Our results go against conventional thinking that the recent increase in atmospheric methane must be caused by increased emissions from natural gas, oil, and coal production. Our analysis of methane’s isotopic composition clearly points to increased emissions from microbial sources, such as wetlands or agriculture.

Euan Nisbet, University of London

Methane Growth Rate Doubles

Professor Nisbet says “Atmospheric methane is one of the most potent greenhouses gases. Methane increased through most of the 20th century, driven largely by leaks from the gas and coal industries.”

He continued, “At the beginning of this century it appeared that the amount of methane in the air was stabilising, but since 2007 the levels of methane have started growing again. The year 2014 was extreme, with the growth rate doubling, and large increases seen across the globe.”

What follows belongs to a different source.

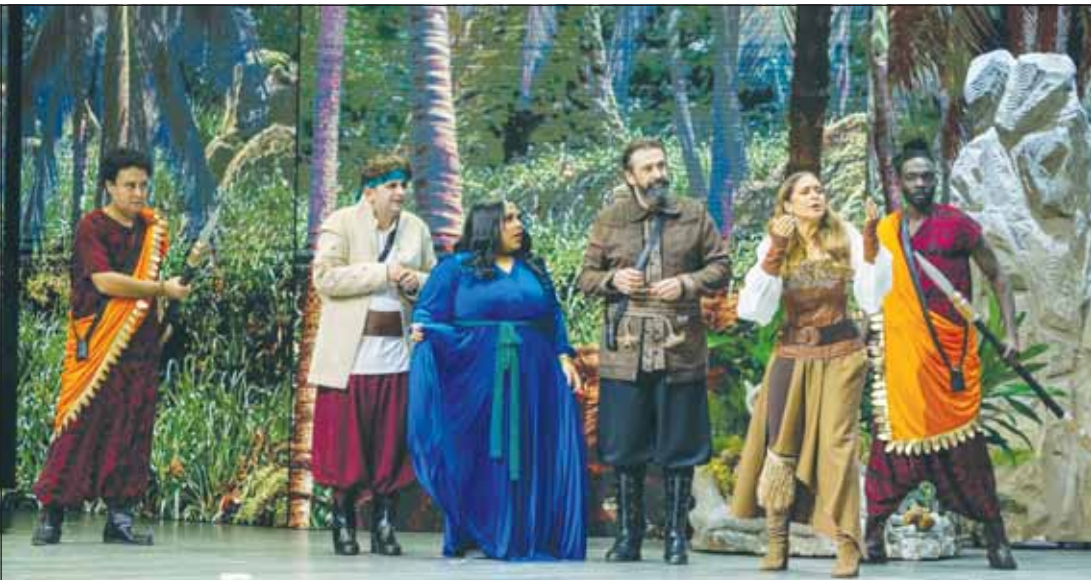
مشهد من مسرحية السندباد

■ طرحت تذاكر مسرحية "السندباد" للنجم كريم عبد العزيز في مهرجان العلمين بنسخته الثانية خلال منصة "تذكريتي" الإلكترونية، وإتاحة التذاكر لأربع فئات، حيث تعرض المسرحية لمدة 3 ليال، أيام الخميس 8 والجمعة 9 والسبت 10 أغسطس المقبل. مسرحية السندباد تعرض في مهرجان العلمين بدورته الثانية في إطار التعاون بين الشركة المتحدة للخدمات الإعلامية وموسم الرياض وهيئة الترفيه السعودية، والمسرحية من بطولة كريم عبد العزيز ونيللي كريم ومصطفى خاطر وبيومي فؤاد وويوزو. وتدور أحداث مسرحية السندباد في إطار فانتازي حول عمر أبو الهول الذي يجسده النجم كريم عبد العزيز، حيث يجد قلادة سحرية في مقبرة قديمة، تعود به إلى زمن السندباد، فيقرر أن ينتحل تلك الشخصية ليعيش حياة المغامرات والبطولات.

Tropics Identified as Key Source

In recent years, the rise in methane has been mainly driven by sharp rises in the tropics, due to the changes in weather patterns. It could be possible that the natural processes used to eliminate methane from the atmosphere have slowed, however, there has been an increase in methane emission, particularly from the hot wet tropics.

Professor Nisbet and his collaborators, along with the US The National Oceanic and Atmospheric Administration (NOAA), have been examining samples as well as measurements of air taken from different places like Ascension, a UK territory in the South Atlantic; Cape Point in South Africa; and Alert in the Canadian Arctic.

International Collaboration Leads to New Conclusions

An international team of atmospheric researchers, led by Euan Nisbet from Royal Holloway, University of London, carried out the research. Ed Dlugokencky, from the NOAA, Martin Manning from Victoria University, Wellington, New Zealand and a team from the University of Colorado’s Institute of Arctic and Alpine Research, headed by Jim White, have been working with collaborators from the UK, South Africa, Canada, and France.